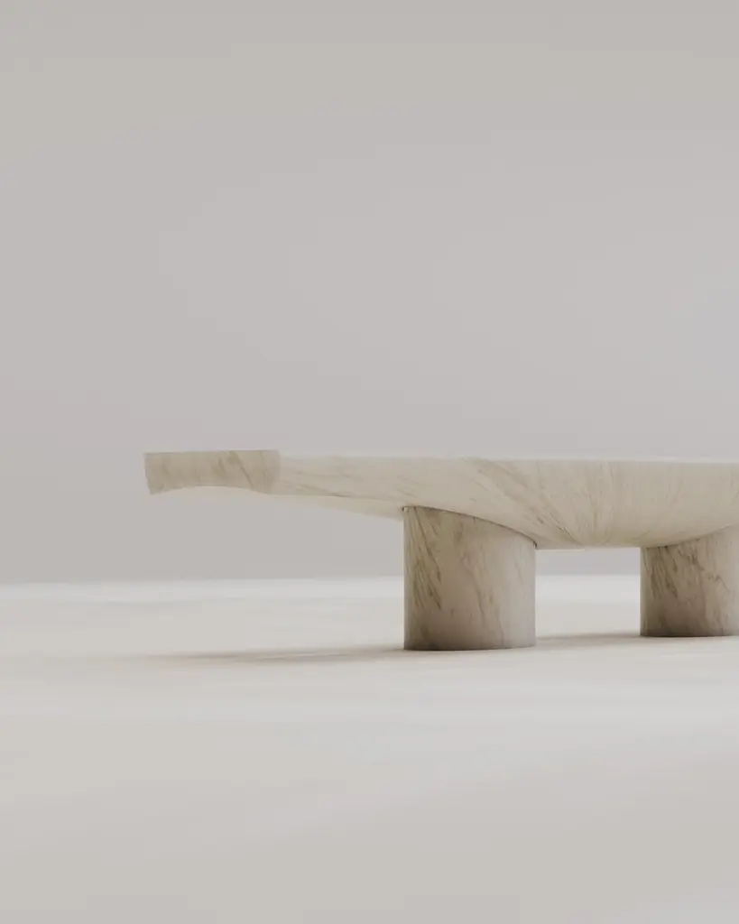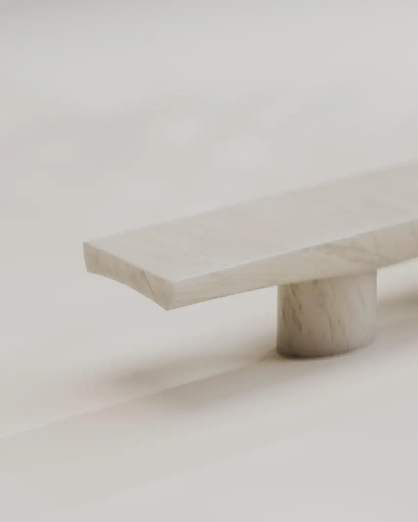 Introducing the "Abraccio" Collection or translated "embrace" Collection unites the enduring beauty of solid carved marble with a language of form that pays homage to primitive structures. Two primal shaped columns support a commanding horizontal solid slab. It becomes a conversation between classical and contemporary, nature and craftsmanship, geometric precision and organic shapes. Yet, it's the ellipsoid embrace that truly defines the collection's character. These graceful curves, meticulously carved into the stone, encircle the columns like an enigmatic story waiting to be deciphered. This ellipsoidal motif not only adds a layer of visual allure but also imparts a sense of unity and balance, bridging the gap between the geometric precision of the columns and the softer lines of the surrounding space.Hand crafted solid marble by Serafini. Each stone will be selected together with the client to create the desired effect. Custom stones/marbles are possible upon request. We can also do different sizes.
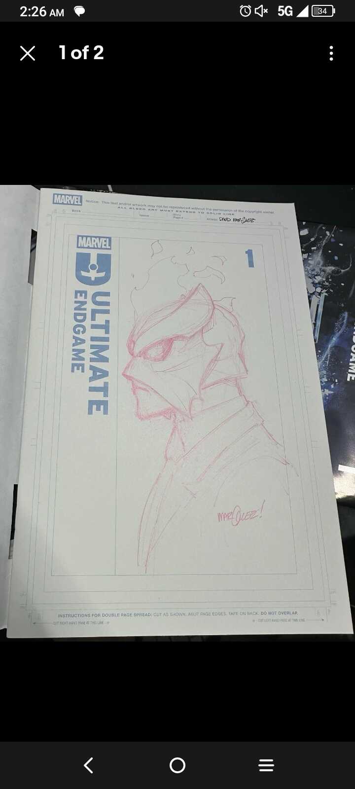 A colored-in Spidey head sketch as pulled at my LCS sister location. The artist signature is JDC not sure who that is.
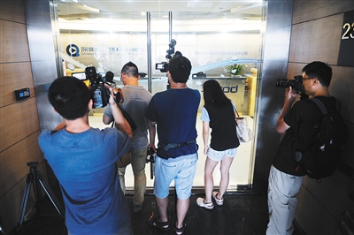 6月26日,媒体记者在位于深圳高新科技园的快播公司总部外等待。 当日,深圳市市场监督管理局(知识产权局)正式向快播公司送达了《行政处罚决定书》,2.6亿元罚单即日生效。
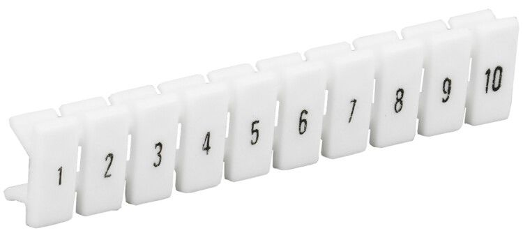 Маркеры для кабельной продукции КПИ-1,5 мм2 с нумерацией №№ 1-10 совместимы исключительно с клеммами серии КПИ. Установка происходит путём вставки маркера в специальный паз на корпусе клеммы - защёлка фиксирует его плотно, без люфтов. Каждая из 10 площадок можно отделить от полоски, чтобы использовать только нужные номера. Монтировать следует после окончательной затяжки проводов - перед установкой маркера проверьте, что провод не выступает за пределы клеммы.
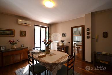 In tranquilla zona residenziale, porzione di villa bifamiliare valorizzata dal giardino privato su tre lati.
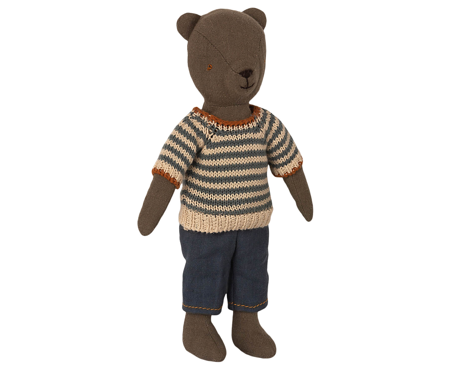 סט בגדים יפה שמתאים לאבא טדי בצורה מושלמת. פריט זה כולל זוג מכנסיים וסוודר סרוג רך.
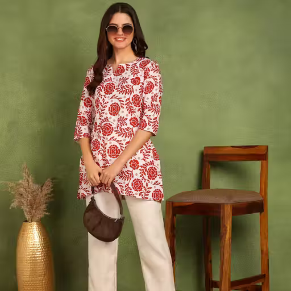 Floral Print Poly Rayon Short Kurtis Comfortably suited for daily & office wear with elegance.
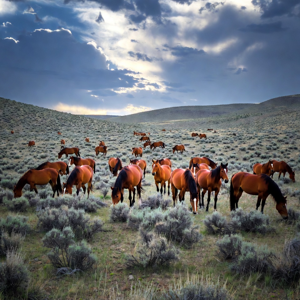 animals, bushes, clouds, earth, field, freedom, grass, grazing, herd, hills, horses, landscape, nature, outdoors, ranch, sky, summer, sunlight, terrain, wildlife
....
**WORK TASK:**
The line containing "In tranquilla zona" and every line after it, through the end of the data, are to be output exactly. Omit the pictures.

**WRITTEN ANSWER:**
 In tranquilla zona residenziale, porzione di villa bifamiliare valorizzata dal giardino privato su tre lati.
 סט בגדים יפה שמתאים לאבא טדי בצורה מושלמת. פריט זה כולל זוג מכנסיים וסוודר סרוג רך.
 Floral Print Poly Rayon Short Kurtis Comfortably suited for daily & office wear with elegance.
 animals, bushes, clouds, earth, field, freedom, grass, grazing, herd, hills, horses, landscape, nature, outdoors, ranch, sky, summer, sunlight, terrain, wildlife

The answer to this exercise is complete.